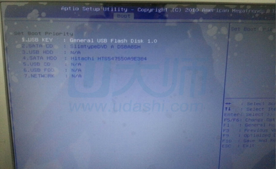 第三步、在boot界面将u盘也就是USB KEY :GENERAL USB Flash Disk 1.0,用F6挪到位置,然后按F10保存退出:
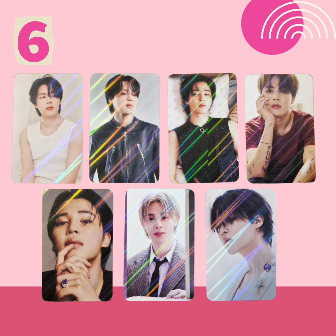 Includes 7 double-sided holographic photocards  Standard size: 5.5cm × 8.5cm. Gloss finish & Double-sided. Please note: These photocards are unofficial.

==

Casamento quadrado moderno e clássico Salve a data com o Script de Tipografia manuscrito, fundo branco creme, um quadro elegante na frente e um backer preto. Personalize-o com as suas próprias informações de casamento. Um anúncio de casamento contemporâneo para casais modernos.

Exercise goal: Transcribe, word for word, the lines of the listing above from the one that contains "第三步、在boot界面将u盘也就是USB KEY :GENERAL" through the one that contains "Includes 7 double-sided", keeping both ends and dropping the pictures.

Reply:
 第三步、在boot界面将u盘也就是USB KEY :GENERAL USB Flash Disk 1.0,用F6挪到位置,然后按F10保存退出:
 Includes 7 double-sided holographic photocards  Standard size: 5.5cm × 8.5cm. Gloss finish & Double-sided. Please note: These photocards are unofficial.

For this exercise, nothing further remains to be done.